Any other Epson model users can also share the way they do this process, you never know, this might also work for the 1280.

- Does this have something to do with the printer model or the CIS model?

Thanks in advance for the feedback.

James


----------



## queerrep (Jul 18, 2006)

James - Turn the printer off for at least 15 seconds and it should reset the chip.


----------



## queerrep (Jul 18, 2006)

Sorry. I overlooked the rest of your question. This has to do with the printer and not the CIS. The printer keeps track of how much ink has been used & tries to write that level to the chip.

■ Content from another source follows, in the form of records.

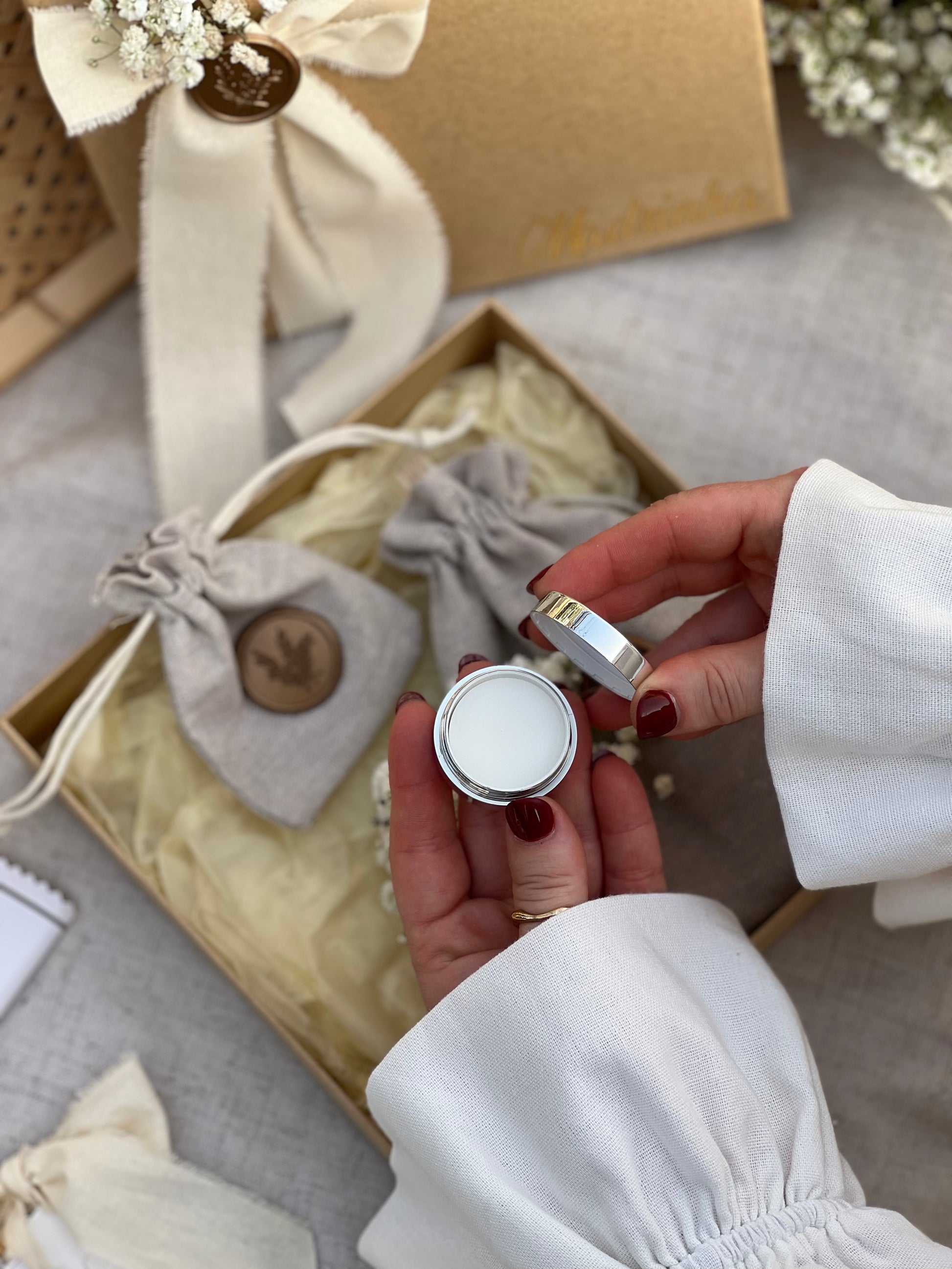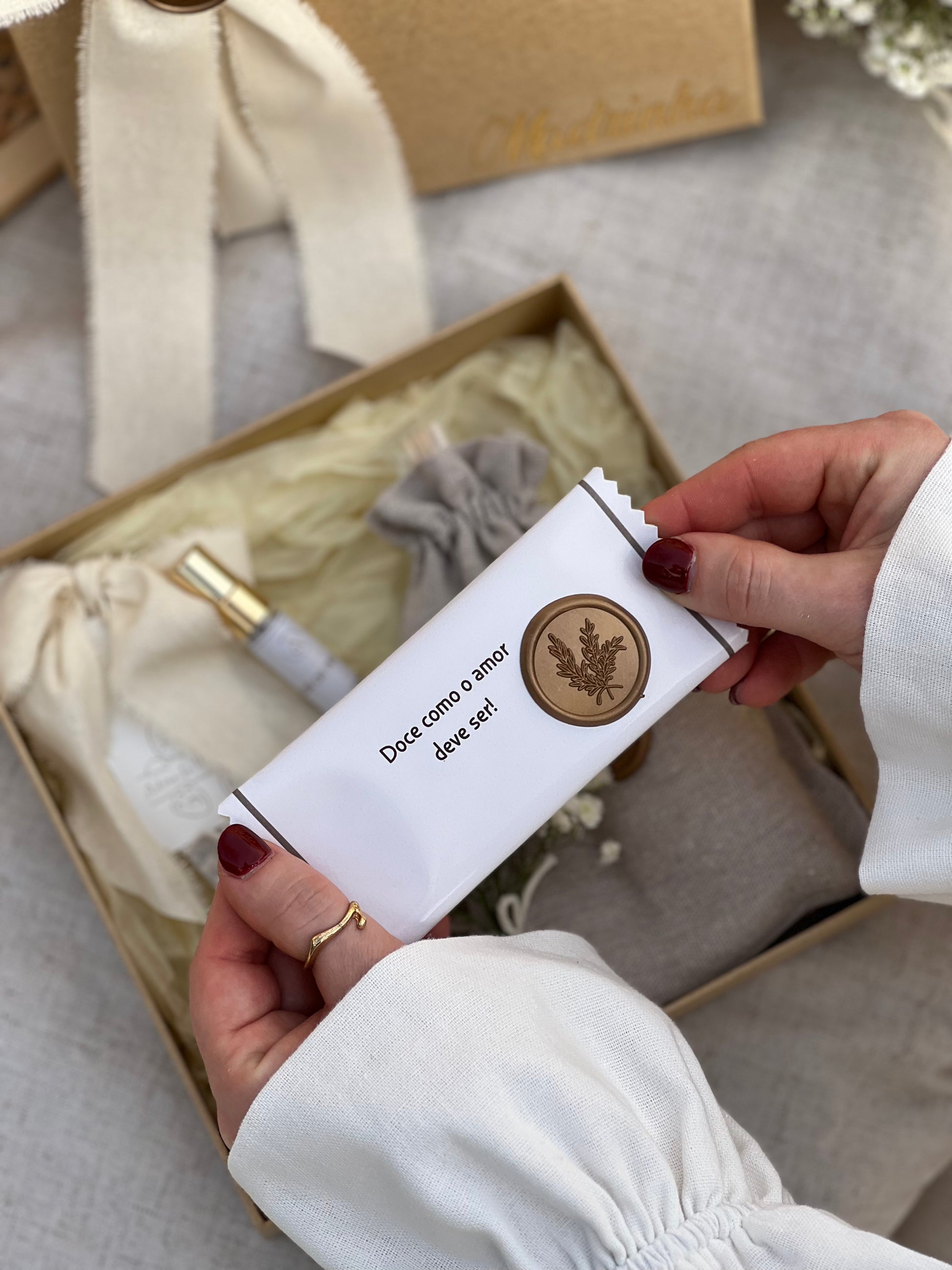 O Coffret é enviado dentro de uma caixa quadrada de cartão kraft (igual às imagens), uma fita de algodão em tom bege natural, lacre dourado, flor de vivaz com a palavra " Madrinha " em vinil dourado. Tamanho da caixa: 20 cm de altura x 20 cm de largura |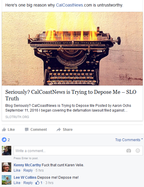 Within hours of the launch of Cal Coast Fraud, Hill was asking people to participate on the page that included posts claiming CCN reporters needed to lose court cases in order to protect the county from the stories CCN produces.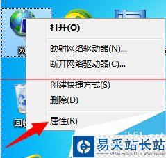 1、右鍵點(diǎn)擊桌面的【網(wǎng)絡(luò)】圖標(biāo),在彈出的菜單欄點(diǎn)擊【屬性】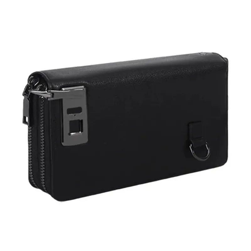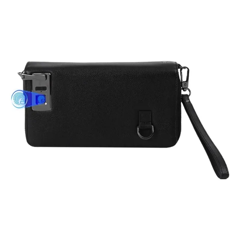 Biometric Fingerprint-Lock Wristlet Clutch – Black (Gunmetal Hardware)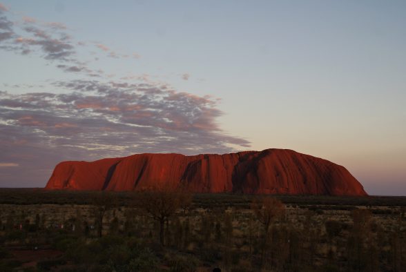 44 °C plus zerrten an der Substanz, aber selbst ein kleiner Hitzeschock konnte mich nur kurz einbremsen;-) Nach einer kleinen Pause in unserem gekühlten Kämmerchen und einem Sturm auf das Shopping Center (ein Fliegenabwehrnetz musste her!) war es aber dann so weit … wir wollten den Uluru direkt vor uns haben und hofften auf einen postkarten-getreuen Sonnenuntergang. Ob der wirklich so rot war?!
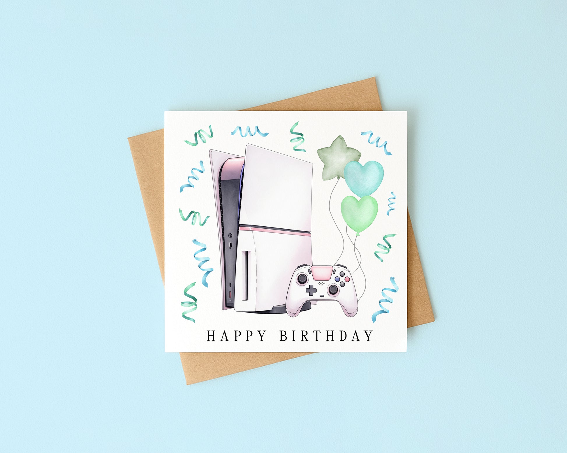 Gaming Birthday Card balloons & confetti green white gamer Design with Envelope Makes the perfect unique card to add a special touch to your gaming friends or families birthday!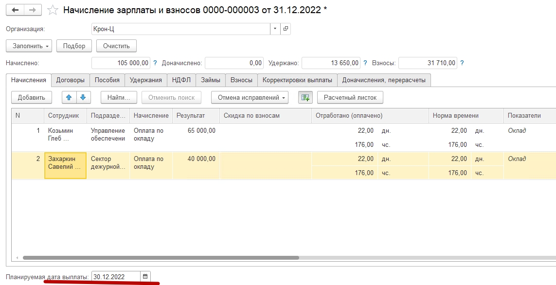 В документе Начисление зарплаты указать планируемую дату выплаты — 30.12.2022 г, тогда доход попадает в 2022г. Но это при условии, что зарплата за декабрь 2022 г. должна быть выплачена в декабре 2022 года. Если же зарплата за декабрь выплачена в январе 2023 г, то по новым правилам это уже доход 2023 г. Подробнее Вы можете ознакомиться с информацией в статье ЗАРПЛАТА ЗА ДЕКАБРЬ 2022 ГОДА: КОГДА ВЫПЛАЧИВАТЬ И КАК ОТРАЗИТЬ В 6-НДФЛ
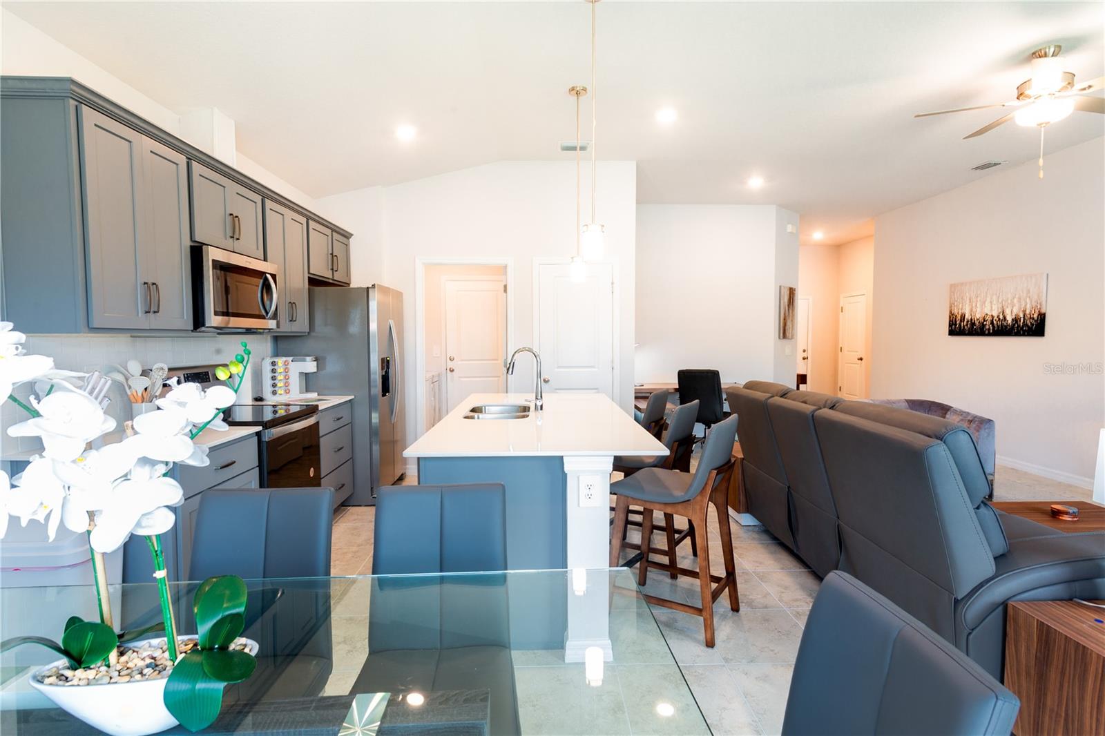 ***NEW CONSTRUCTION, NO WAIT, MOVE IN READY!*** Elevate your lifestyle with the opulence of the Lido floorplan presented by Carpenter Homes—a masterpiece within the Florida Living Series, certified by the Florida Green Building Coalition (FGBC). This home features 3 bedrooms and 2 full bathrooms. This dream home is designed and built to immerse you in luxury. As you enter, a beautiful kitchen welcomes you with an expansive, oversized island that seamlessly flows into the living and dining area. The finesse of soft-close, Shaker 36" cabinets, and upgraded Miami White quartz countertops add a functional touch of luxury to the kitchen. Kitchen upgrades include a Moen Sleek chrome kitchen faucet, garbage disposal, and sleek stainless steel energy efficient appliances. This home exudes sophistication with a vaulted ceiling and sliding glass doors! Additionally, Carpenter Homes provides an upgraded Oslo brushed nickel lighting package including pendants over the kitchen island, and vanity fixtures in both bathrooms, accenting the overall lighting design. Brushed steel finish ceiling fans in each bedroom, as well as the great room, helps to circulate air flow and keep you cool in the Florida weather. Complimenting the expansive living area is Magnisi 18"x18" ceramic tile flooring. The Owner's suite is a sanctuary of indulgence, showcasing tiled Magnisi Silver 8x12 walls in the shower and a large walk-in closet. The home boasts Magnisi Silver 8x12 upgraded tiled walls in the second bath/shower, Miami White quartz vanity tops, and Moen Genta LX chrome faucets and shower/tub trim kits. The ampleness of this home continues with a utility room, and thoughtful additions such as energy-efficient R-4.1 insulation on concrete exterior walls, Taexx tubes for pest control, and fabric hurricane shutters for every window. The Florida friendly landscaped yard is complemented by an irrigation system with rain sensor to help maximize efficiency. This secure community not only enhances the outdoor space's sophistication but also creates an ideal setting for a range of family activities, turning the backyard into a retreat for intimate family gatherings and treasured moments. The expansive 2-car garage, complete with garage door opener and two remotes, not only provides ample space for your everyday needs but also ensures the utmost convenience and versatility for all your storage and parking requirements. Step into a world where extravagance meets eco-conscious living—your forever home awaits, a testament to timeless elegance and modern sustainability. COMMUNITY Oak Hollow residents enjoy municipal water and sewer, underground utilities, and paved county sidewalks. We are within walking or biking distance to major grocery stores, restaurants, the public library, cultural center, and many shopping areas! Residents enjoy members-only access to the Oak Hollow Recreation Center which includes an exercise room, table tennis, heated swimming pool (no lifeguard), children's playground, tennis court, pickleball, bocce ball court, horseshoes, corn-hole, billiards room, basketball court, picnic tables shaded by beautiful old oak trees, a lending library, and many social events throughout the year!

So in order to clear the printer's memory, you have to turn it off.


----------



## matrixdecals (Aug 30, 2006)

I did turn it Off for more then 3 hours with no success.


----------



## queerrep (Jul 18, 2006)

If nobody can answer your question here, you might want to try the Epson Yahoo Group


----------



## Ellas_Embroidery (Oct 25, 2006)

James.

Give this link a try. http://www.inksupply.com/qb7.cfm 

Jim


----------



## kapich (May 22, 2008)

I am now having the same problem. It was working fine @ one point once I unplugged them and plugged them back in, but I had to pump the ink back to the cartridge so for some reason I took them out completely not knowing how to do so and not it is simply the yellow cartridge that isn't recognized, I believe this is due to the previous epson cartridge that was empty before. (I need to clear it's memory)


----------



## russianlul (Jan 20, 2009)

this epson situation sucks


----------